Duplex 는 양방향 필요한데 개념적으로 무관할 때 중요 — 소켓, WebSocket 연결, child process stdio (부모 시각에선 각 pipe 가 Duplex).

Transform — 입력이 출력 됨

Transform stream 은 *특별한* Duplex: 안으로 쓴 바이트가 변환되고 readable 쪽에서 emit. 같은 stream 객체, 양쪽 끝, 근데 두 쪽이 연결됨. 끊임없이 쓰는 예:

zlib.createGzip() — raw 바이트 쓰고, gzipped 바이트 읽음.
zlib.createGunzip() — gzipped 바이트 쓰고, raw 바이트 읽음.
crypto.createHash('sha256') — 데이터 쓰고, 끝에 digest 읽음.
crypto.createCipheriv(...) — 평문 쓰고, 암호문 읽음.

이 다 compose 돼. file → gzip → encrypt → upload 가 stream 넷 pipe 로 묶인 거고, 입력 크기 무관하게 bounded 메모리.

커스텀 Transform 만들기

Transform 생성자가 transform(chunk, encoding, callback) 함수 받음 — 청크 처리하면 callback() 호출 (옵션으로 this.push(value) 통해 다음 출력).
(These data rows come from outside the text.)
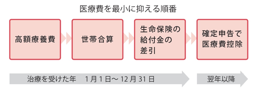 [図表2]医療費を最小に抑える順番 出所:『【図解】医療費・仕事・公的支援の悩みが解決する がんとお金の話』(彩図社)より引用
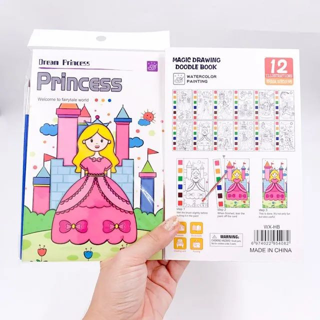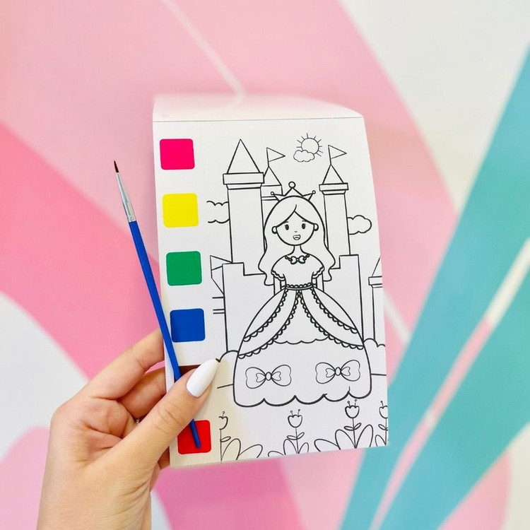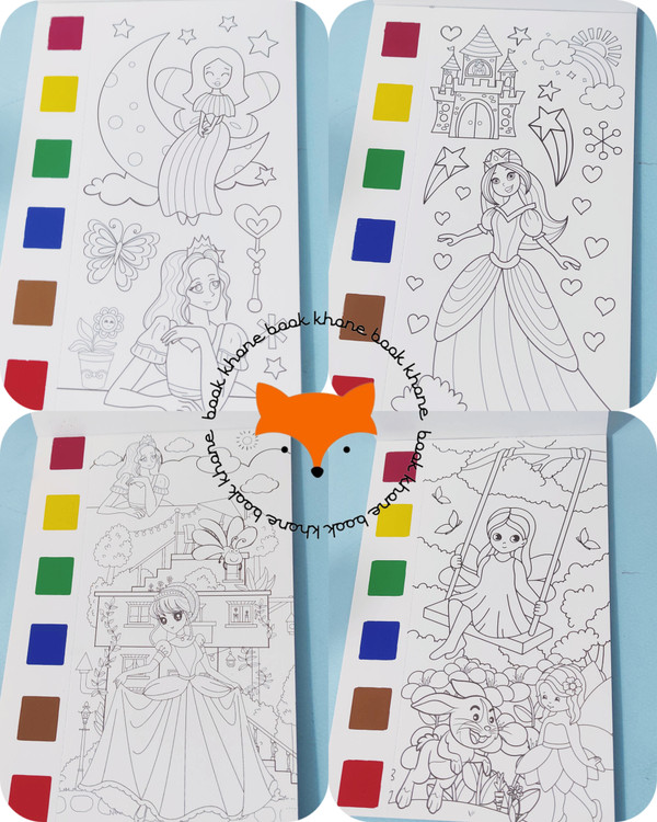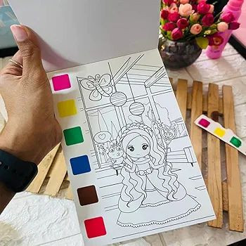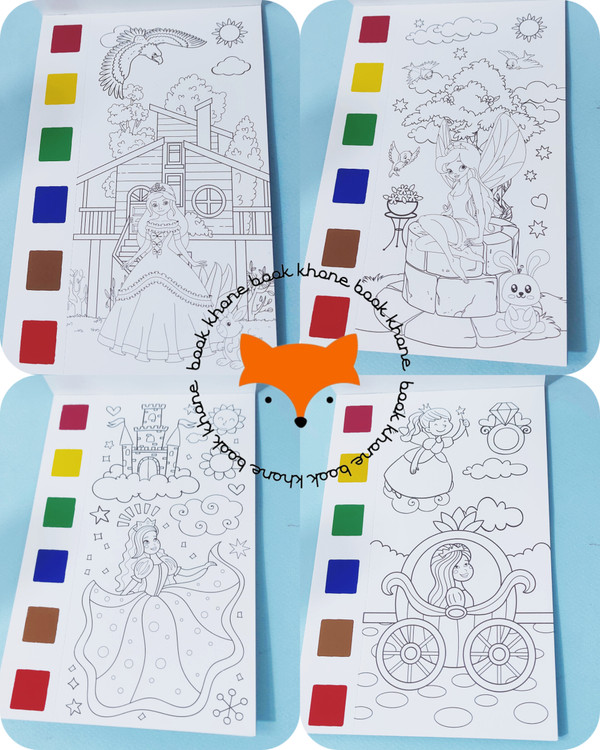 کتابچه رنگ آمیزی آب رنگی یکی از به صرفه ترین و زیباترین کتاب ها برای تمرین رنگ آمیزی و تقویت این مهارت است. روی هر صفحه پالت شش رنگی آبرنگ وجود دارد که کودک بایستی قلموی موجود در بسته را آغشته به کمی آب کند و سپس از هر رنگی که دوست دارد کمی بردارد و هر قسمتی که دوست دارد را رنگ کند. حتی کودکان می تواند علاوه بر رنگ آمیزی با رنگ های موجود روی هر صفحه، رنگ های جدیدی را با ترکیب کردن بسازند.
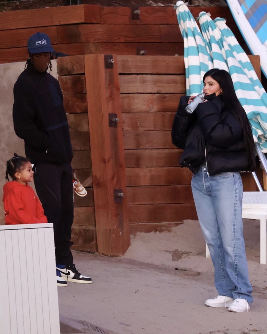 近期 Travis Scott 在与 Kylie Jenner 见面时,上脚一双高帮版本「反钩」。
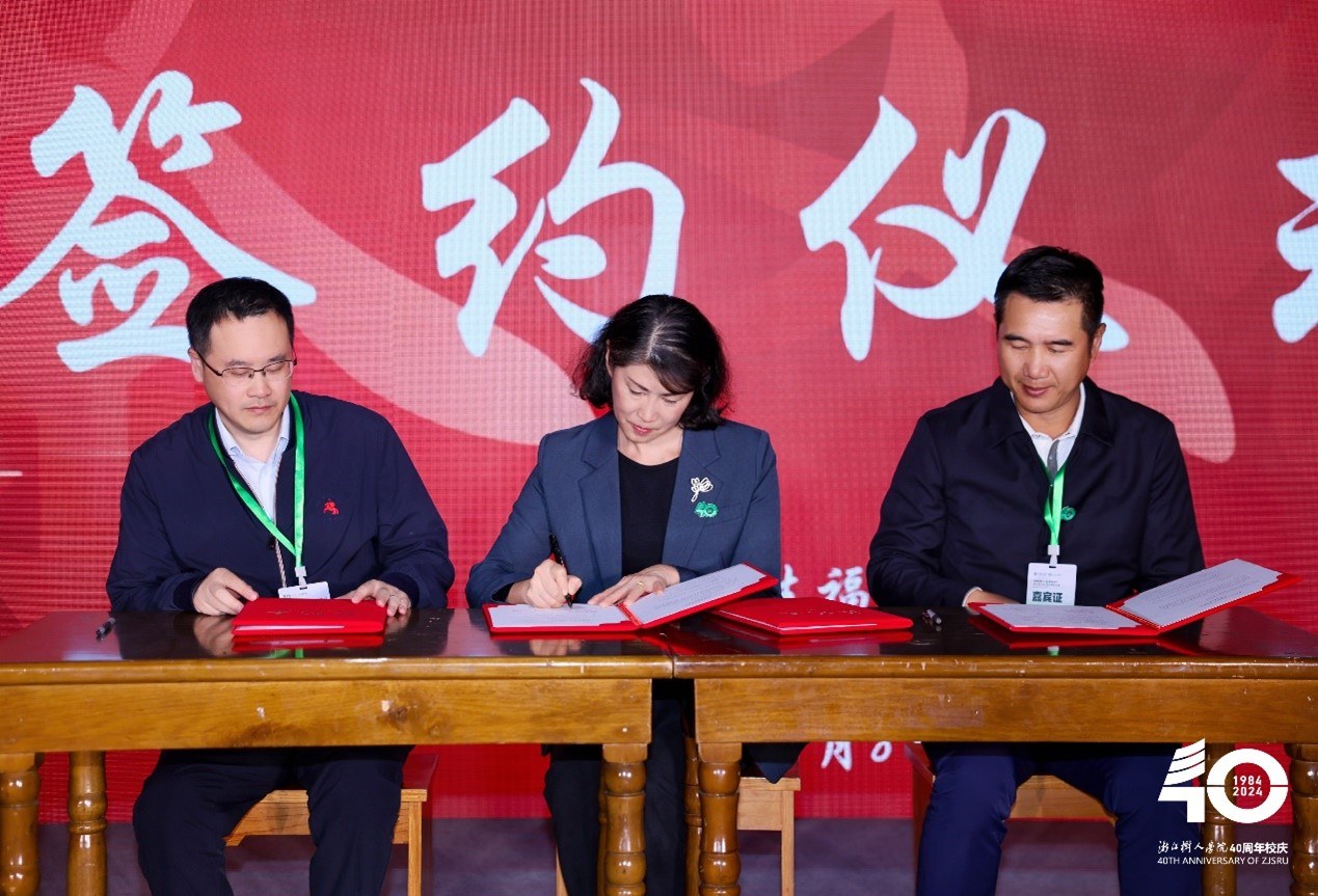 树人学院经济与民生福祉学院院长夏晴与企业进行现场签约。浙江树人学院供图
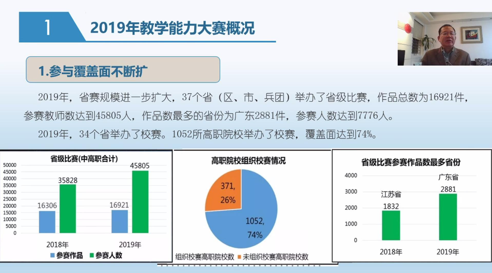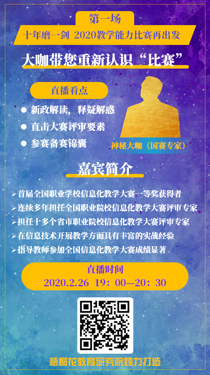 直播共两期,第一期是由厦门市教育科学研究院陈振源教授主讲的“十年磨一剑,2020教学能力比赛再出发”。陈振源教授多年来潜心钻研职业教育教材及课程标准制定,连续多年指导全国信息化教学大赛工作,在现代教育思想和教学理念的结合方面有着独到的见解。陈振源教授围绕2019年教学能力大赛概况、以赛促教规范、职业教育发展新趋势、教学能力比赛新发展、课堂教学新变化与信息化技术新要求等多个主题,结合参赛作品案例,进行了全面深入的政策解读。并对备战2020年教学能力大赛提出了相关建议:参赛教师要学习赛程,熟悉相关的文件,参赛作品要回归教学,回归课堂。他还指出举办大赛是为了促进职业公司产品更加规范,信息化大赛将从重选手的现场表演转向重作品的内涵,从重作品的技术包装转向重选手的综合素质,使职业教育正规向好发展。
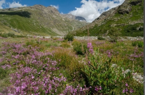 En remontant le cours de l'Arc, c'est une immense plaine qui s'ouvre à vous. Les arêtes du Mulinet veillent en sentinelles. Les glaciers rayonnent comme une lointaine et fragile Antarctique. Les fleurs s'épanouissent et les couleurs explosent. Plus loin, les gens de la terre ont commencé les foins. Ce que vous voyez n'est pas seulement l'ouvrage de la nature. Ce paysage, ces anciennes granges et ces vieux chalets, les hommes les ont façonnés à la sueur de leur front. Ils traduisent bien la rudesse de la vie humaine en haute altitude.
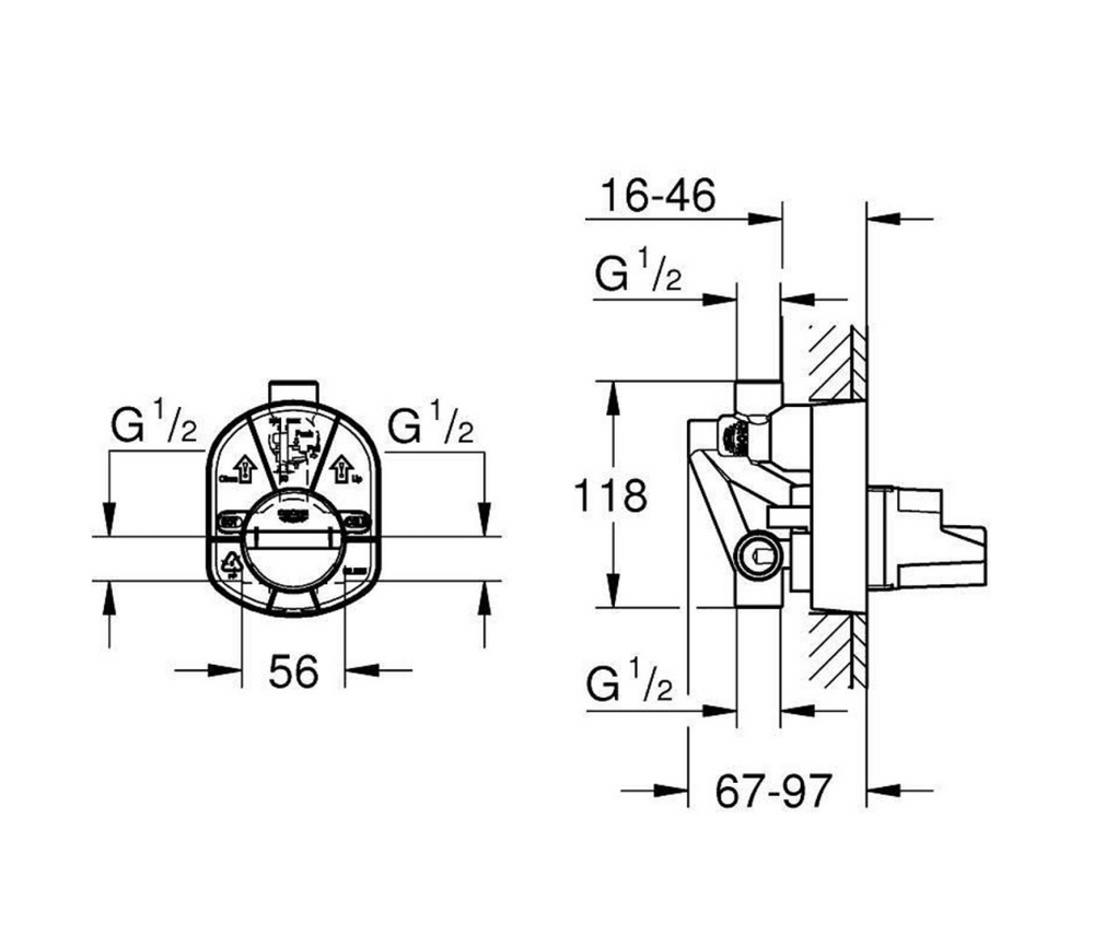 جسم خلاط دفن يتم تركيبه على الحائط، مزود بخرطوشة سيراميك بقياس 46 مم لضبط دقيق وسهل. يحتوي على محدد لتدفق المياه، منافذ علوية وسفلية بحجم 1/2 بوصة، ومحول مدمج مع غطاء. يتم تركيبه باستخدام خيوط لولبية باتجاه عقارب الساعة، ويأتي بدون طقم التشطيب الخارجي.

Flush 로직은 옵션 flush(callback).

import { Transform } from 'node:stream';

class UppercaseUtf8 extends Transform {
  _transform(chunk, _enc, cb) {
    this.push(chunk.toString('utf-8').toUpperCase());
    cb();
  }
}

// or as a one-liner via the Transform constructor
import { Transform } from 'node:stream';
const upper = new Transform({
  transform(chunk, _enc, cb) {
    cb(null, chunk.toString('utf-8').toUpperCase());
  },
});

// Use it
process.stdin.pipe(upper).pipe(process.stdout);

패턴: 청크 읽기, 작업, 결과 push, done 신호. 그게 transform 의 90% 의 API 전부.

Object-Mode Transform — CSV, JSON, Record

Object mode 의 Transform 이 구조화된 데이터에 깔끔한 파이프라인 짜게 해줘. CSV 파서: 입력 바이트, 출력 row 객체. Line splitter: 입력 바이트, 출력 string (라인당 하나). Enricher: 입력 record 객체, 출력 같은 객체에 추가 필드 채워.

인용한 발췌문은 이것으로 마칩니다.